I would probably patch the crack first, make the cracks a bit bigger with a grinder or grout scraper. Fill the crack with some hydraulic cement or caulk. Then paint.


----------



## Lattimer (Oct 18, 2011)

Bud Cline said:


> In time it will cure itself, until then it should be a non-issue.



You sound like an echo.

Bud's right....somewhat. 

Efflorescence is caused by water wicking through concrete, dissolving salts along the way, coming to the surface, evaporating, and then leaving behind the salts. Often these salts are no longer water soluble once they hit air and react with carbon dioxide, which is why hitting them with the hose generally won't wash them away. 

Eliminating water penetration into your slab is no longer an option, unless you rip it up and install a vapor barrier...overkill in my opinion. 

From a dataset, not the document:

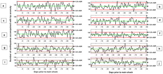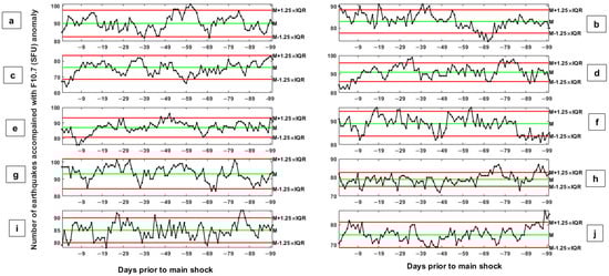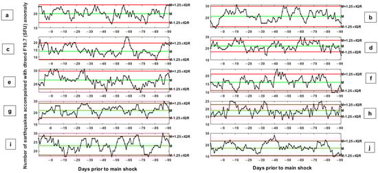 Panels (a–j) show results of 10 simulated earthquakes dataset. The y-axis in each panel indicates the number of simulated earthquakes accompanied by anomalous changes in the dtrend F10.7 index during the days prior to the simulated earthquakes. Median and higher and lower bounds are drawn as green and red horizontal lines, respectively. The allowed ranges are defined as M ± 1.25 × IQR, in which M and IQR are the median and the inter-quartile range parameters, respectively.

So the next way to end this is to eliminate the salts. These salts are naturally present in the concrete, so you can't eliminate them at this stage of the game (certain admixtures can be used to control the problem, but its too late for that). 

Eventually the salts in the concrete will become exhausted and the problem will be no more. In my case (hydroelectric dam), this is not an option because we have several feet of concrete under immense water pressure, so we have a efflorescence removal program because the salt deposits grow so large that they become a hazard should the fall. 

However, if the salts are present in the soils, you will never exhaust the supply of salt and water....so you can either learn to ignore it, or buy yourself a lifetime supply of wire brushes.


----------